Gaining an Edge When Candidates Have the Leverage
Beyond tried-and-true tactics, recruiters in the MRINetwork are investing more heavily in marketing, branding, and ongoing engagement strategies, to improve their reach and results. Here are some simple ideas to help connect with candidates when top talent is hard to come by.
Let Your Expertise Shine. Expertise is a powerful differentiator, and a competitive advantage knowledgeable recruiters shouldn’t be shy in sharing. Wahler has experienced success on both the recruiting and business development sides of the business by leveraging her expertise. By keeping a close eye on the mortgage industry, she’s able to offer market analysis in addition to recruiting services. She also takes time to craft content to help guide candidates through the job-seeking and interview process, authoring articles such as “Acing The Video Interview” and “Interview Etiquette.”
Leverage Your Past Wins. Building a strong list of former candidates can help to increase your inventory so you can better respond to opportunities and place individuals more effectively. Painter recommends building up your inventory, and putting a plan in place to engage potential candidates on an ongoing basis, “If candidates feel valued and important, they’ll want to help you,” he says. “They’ll feel comfortable referring friends and peers to you.”
Improve the Candidate Experience. In the old days, recruiters and companies could afford to string candidates along, and potentially hold out for something better. In today’s market, that’s no longer the case. Take too long, and you’ll lose out. To place candidates in a competitive market, Wahler is diligent about keeping candidates engaged throughout the entire process. She sends text messages in between stages in the application and interview process, while also sending weekly reports to hiring managers to ensure prompt feedback and provide a heads-up on candidates early in the process.

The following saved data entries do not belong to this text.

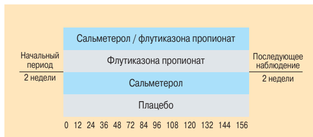
Рис. 1. Дизайн исследования выживаемости TORCH

Пациенты случайным образом (рандомизированно) распределялись в одну по четырем фармакотерапевтическим группам, которые получали при помощи ингалятора Мультидиск два раза в день следующие препараты: сальметерол (САЛ — ДДБА) в дозе 500 мкг, флутиказона пропионат (ФП — иКС) в дозе 500 мкг, комбинированный препарат сальметерола и флутиказона пропионата (САЛ / ФП — 50 / 500 мкг) и плацебо.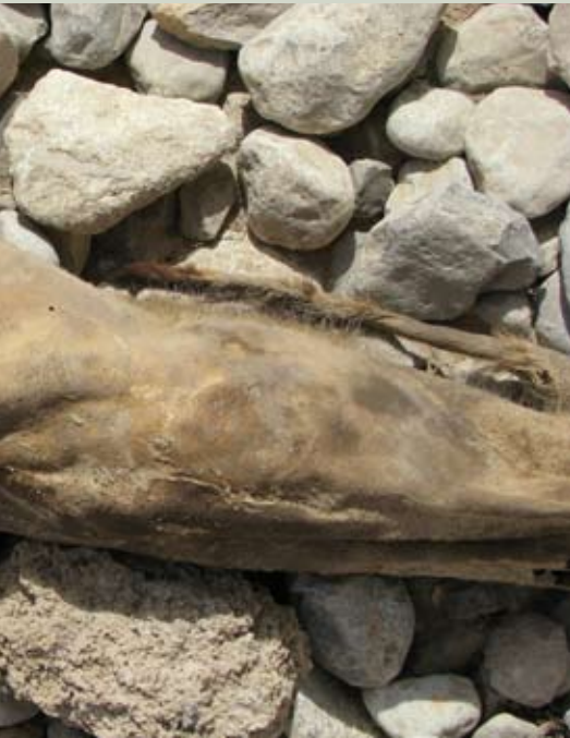
صورة ٢: جثة حيوان الكركال أزيلت من شجرة غاف في الامارات العربية المتحدة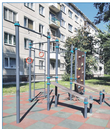
Спортивная площадка с современным покрытием на ул. Зорге, 219

— Проект предусматривает подготовку спортсменов высокого уровня. По сути, это программа подготовки тренеров и в целом инфраструктуры для того, чтобы целенаправленно, внимательно следить за ростом спортивного мастерства ребят из дворовых команд и самых одаренных и пре-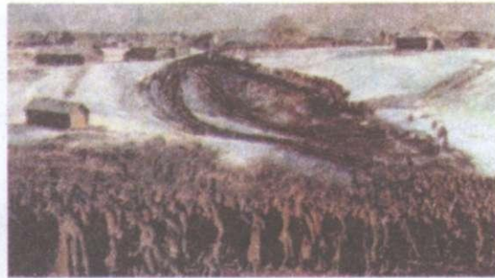
Оточення і розгром радянського угруповання Південно-Західного фронту в районі Лубни–Лохвиця–Кременчук. Вересень 1941 р.

загинув командувач фронту генерал М. Кирпонос і група генералів штабу. В битві за Київ, яка тривала із середини липня до середини вересня 1941 р., вермахт утратив понад 100 тис. бійців.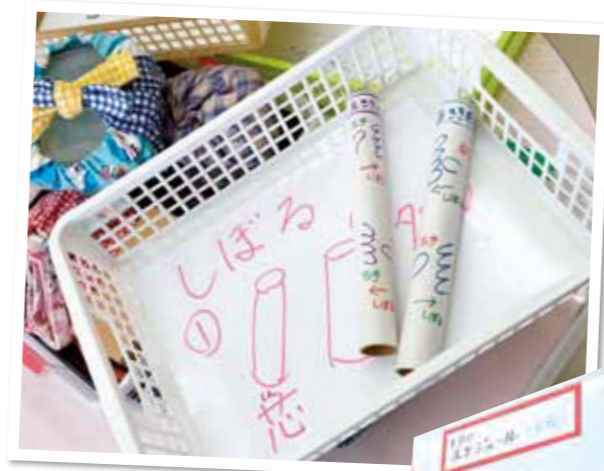
お手製の教材で雑巾絞りやリボン結びなどの正しいやり方を指導。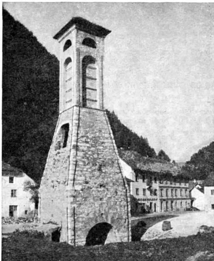
Plavž v Zgornjih Železnikih. (Iz: F. Planina, Skofja Loka s Poljansko in Selsko dolino, 1972, 159.)

Vigenjcev je bilo še 17, in sicer 8 v Zgornjih in 9 v Spodnjih Železnikih: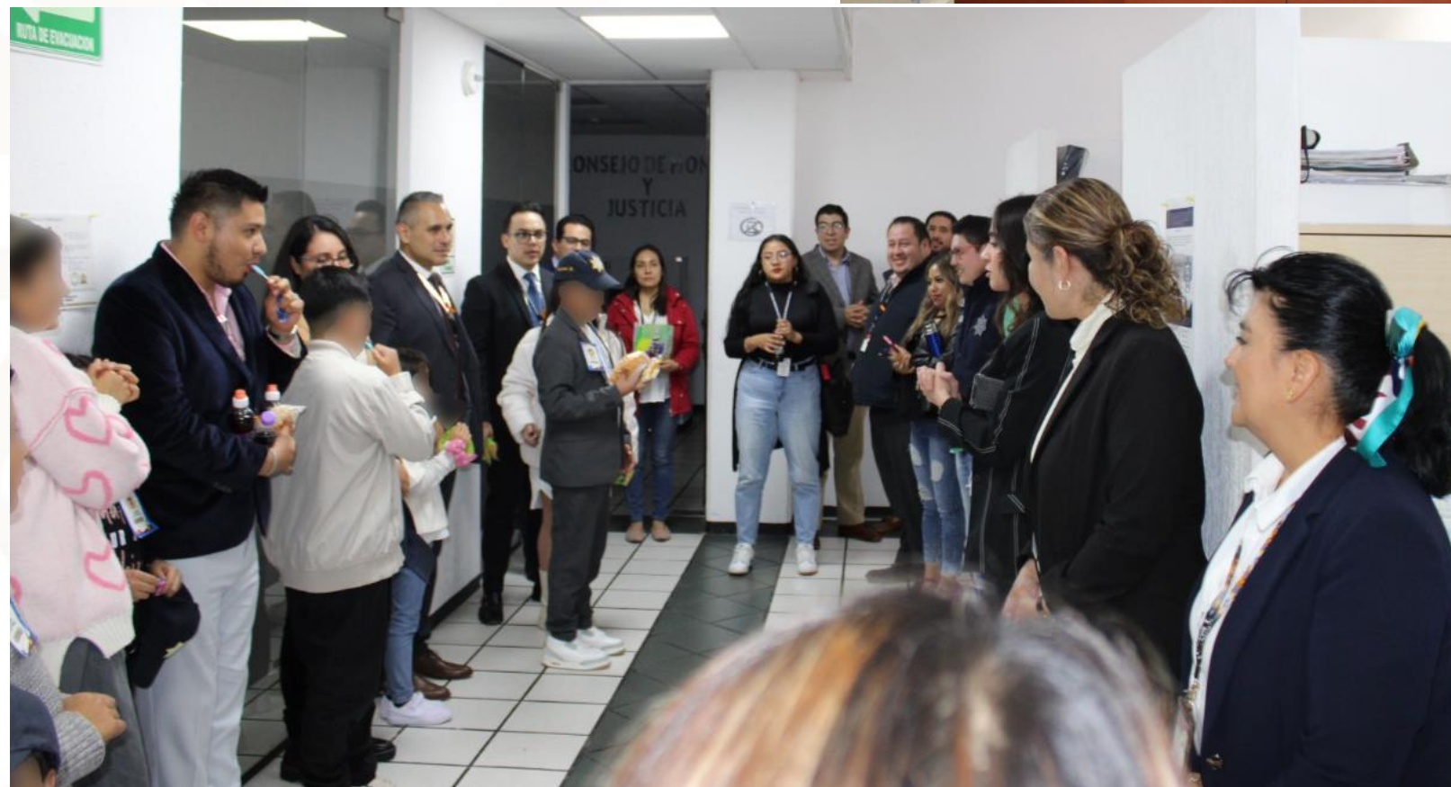
Cobertura de la actividad “Ven al trabajo con mamá o papa”

Dalva says a clearly defined interview process is a must. He actively seeks out companies with an efficient process, doing a deep dive into the process and length of time from submittal to offer. Should the interview process be inefficient, he says, Search Max will pass, regardless of nearly all other factors. Dalva and his team also work hard to offer candidates more options.
Solve Problems Creatively. Where some see challenges in the current market, many see opportunity. Clients are typically more open to creative solutions or revamped offerings when they are struggling to find talent. Recruiters can propose solutions such as contract and interim staffing, as a value-added approach. Dalva and other firms in the MRINetwork have found success by providing total talent access solutions.
Meeting Candidate Expectations to Drive Growth
In the current market, many recruiters and search firms are dusting off their playbooks, and getting back to the basics to build inventory, keep candidates engaged, and garner referrals. Recruiters are also increasingly leveraging online channels to build their brand and reputation, while sharing their expertise and guidance. After a year of uncertainty and unprecedented challenges, one thing’s for certain, many candidates are eager to work with recruiters and employers who share their goals and priorities. Recruiters who engage candidates openly on their own terms are sure to gain the advantage now and in years to come.